On 21 March 2018, Imperial Brands Enterprise Finance Limited transferred the rights and obligations under the aforementioned credit line agreement to Imperial Brands Finance PLC., and the maturity was extended to 12 June 2024 (automatically renewable for additional one-year periods, unless notified otherwise by any of the parties at least one year before maturity).

The daily balance of this internal current account earns interest at the European Central Bank interest rate, plus a spread of 0.75%. Interest is calculated daily on a 360-day basis and is added to the nominal value of the debt quarterly. In 2019 and 2018 there is no outstanding amount for the Company.

Under the aforementioned agreement, the Company has committed not to incur in any financial indebtness with third parties not to pledge any of its assets but under qualified approval by the Board of Directors.

On 18 June 2014, Compañía de Distribución Integral Logista, S.A.U. and the Company entered into a credit line and cash pooling agreement, the amount and maturity of which were amended in addenda to the agreement. The drawable limit is EUR 115 million, and the maturity date is 30 September 2019. At the date of preparation of these financial statements, the parties had agreed to extend this agreement for an additional year. At 30 September 2019, the Company has a balance payable to Compañía de Distribución Integral Logista, S.A.U. of EUR 41,733 thousand (2018: EUR 711 thousand of surplus).

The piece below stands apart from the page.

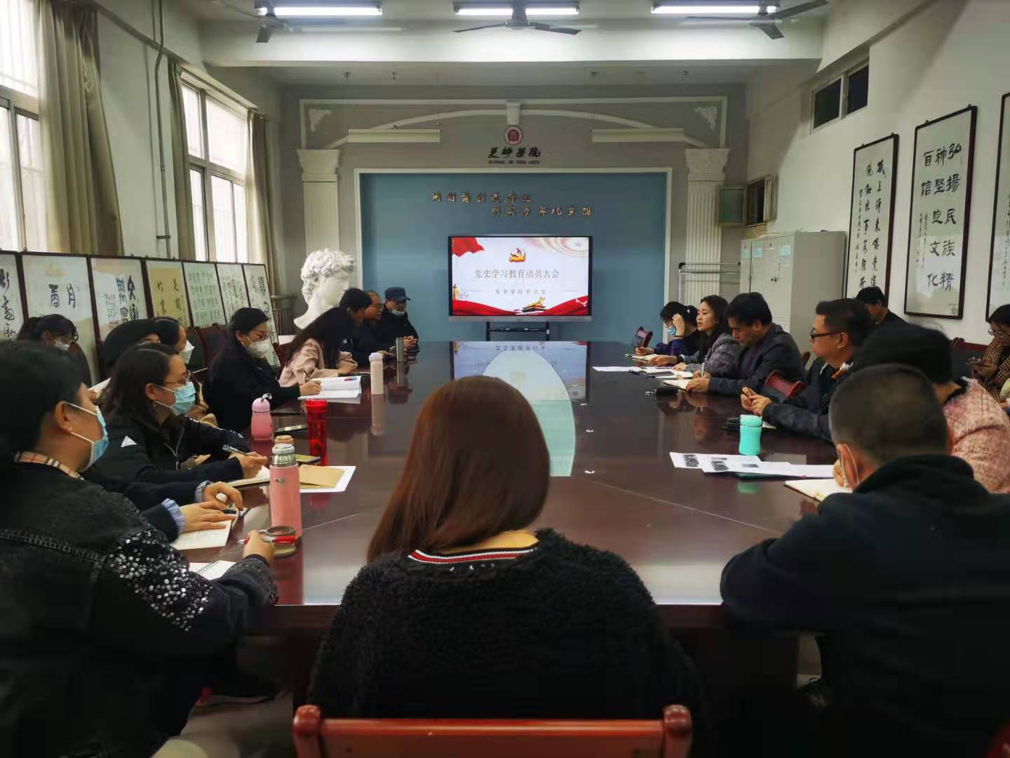 为深入学习贯彻习近平总书记在党史学习教育动员大会上的重要讲话精神,全面贯彻落实省委、省委教育工委和校党委关于开展党史学习教育的安排部署,推动党史学习教育走深走实,3月31日下午,美术学院党总支在启真楼美术学院会议室召开党史学习教育动员部署会,并开展了“学党史 悟初心”党史学习教育主题读书会及红色观影主题党日活动。全体教师党员参加了会议,会议由党总支副书记(主持工作)文竹主持。

The average daily balance held under the aforementioned agreement has a cost equal to the European Central Bank rate plus a spread of 2.2% (with a 2.2% minimum) for credit drawdowns and earns interest at the same benchmark rate plus a spread of 0.75% for surplus cash loans. In 2019, the interest expense incurred as a result of the aforementioned agreement amounted to EUR 116 thousand (2018: EUR 614 thousand) and EUR 46 thousand of interest income.

Also, the Company is head of, and responsible for the obligations of, the consolidated income tax group. Consequently, the Company recognised an account payable to Compañía de Distribución Integral Logista, S.A.U. of EUR 12,405 thousand under "Debts with Group Companies and Associates" (2018: EUR 18,931 thousand) (see Note 7).

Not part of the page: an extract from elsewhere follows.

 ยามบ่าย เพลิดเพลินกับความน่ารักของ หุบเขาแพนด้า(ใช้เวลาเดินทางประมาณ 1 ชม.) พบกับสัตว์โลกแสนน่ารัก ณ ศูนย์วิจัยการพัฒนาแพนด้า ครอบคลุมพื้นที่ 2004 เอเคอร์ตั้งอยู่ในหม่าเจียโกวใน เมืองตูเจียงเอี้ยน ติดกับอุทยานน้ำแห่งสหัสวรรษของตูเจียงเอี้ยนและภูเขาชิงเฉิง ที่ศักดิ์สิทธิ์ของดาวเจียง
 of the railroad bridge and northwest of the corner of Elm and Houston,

Remuneration of the Board of Directors

In 2019 and 2018 the remuneration accrued by the members of the Board of Directors in their capacity as directors or members of the Board's standing committees, recognized under "Staff Costs" in the income statements, together with the remuneration accrued by directors who are also executives through Compañía de Distribución Integral Logista, S.A.U amounted to EUR 4,477 thousand and EUR 5,092 thousand, respectively.

The contributions to savings schemes for 2019 and 2018 corresponding to executive directors amounted to EUR 359 thousand and EUR 237 thousand, respectively.

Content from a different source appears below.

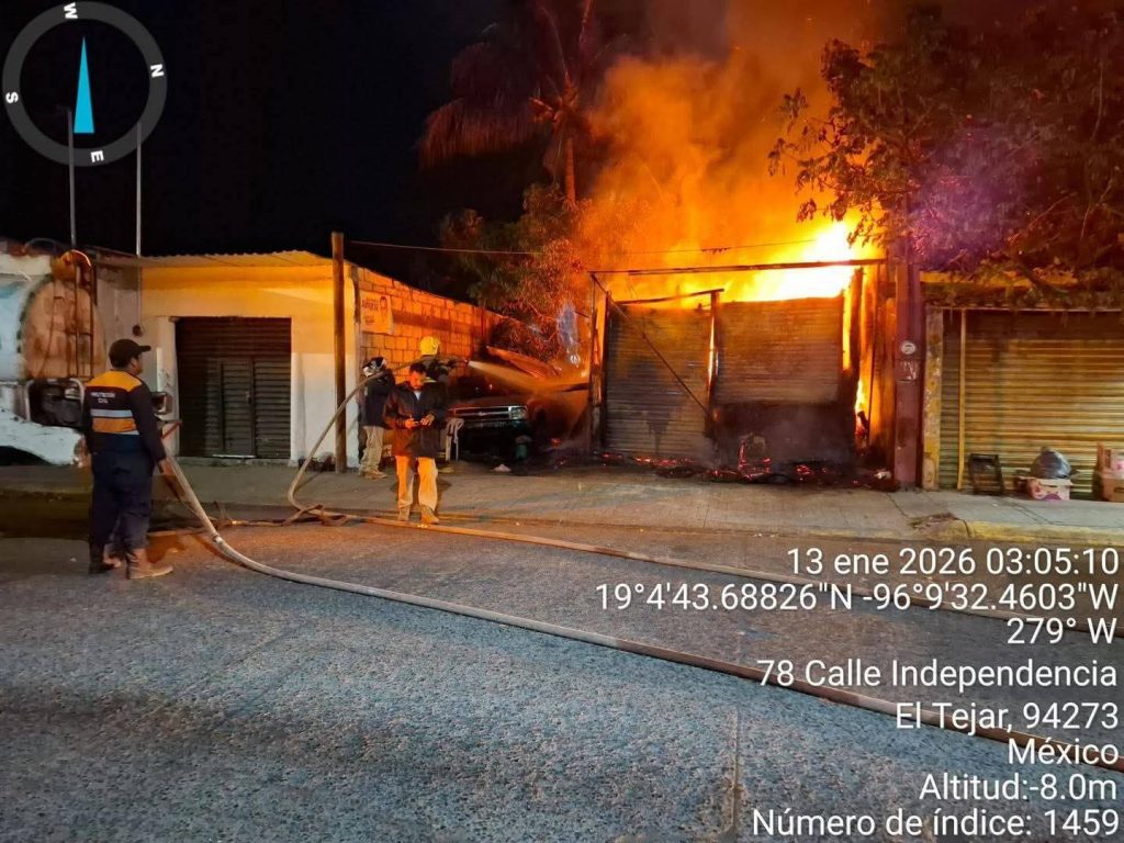Por instrucciones del alcalde Samuel Acosta, personal de la dirección de Protección Civil Municipal, a cargo de Antonio Rosas, atendió de manera inmediata el incendio registrado la madrugada de este martes en un taller mecánico, ubicado sobre la avenida Independencia, en la localidad de El Tejar.

The life insurance premium for the Group Executive Directors for 2019 and 2018 amounted to EUR 15 thousand each year.

The Company a long-term incentive plans that concern the members of the Logista Group's Management Committee, the cost and characteristics of which are detailed in Note 4.4.

In 2019 the directors' third-party liability insurance amounted to EUR 45 thousand each year.

In 2019 and 2018 the Company did not perform with the directors any transactions outside the ordinary course of business or other than on an arm's length basis.

The Board's composition is nine male Directors and one female Director.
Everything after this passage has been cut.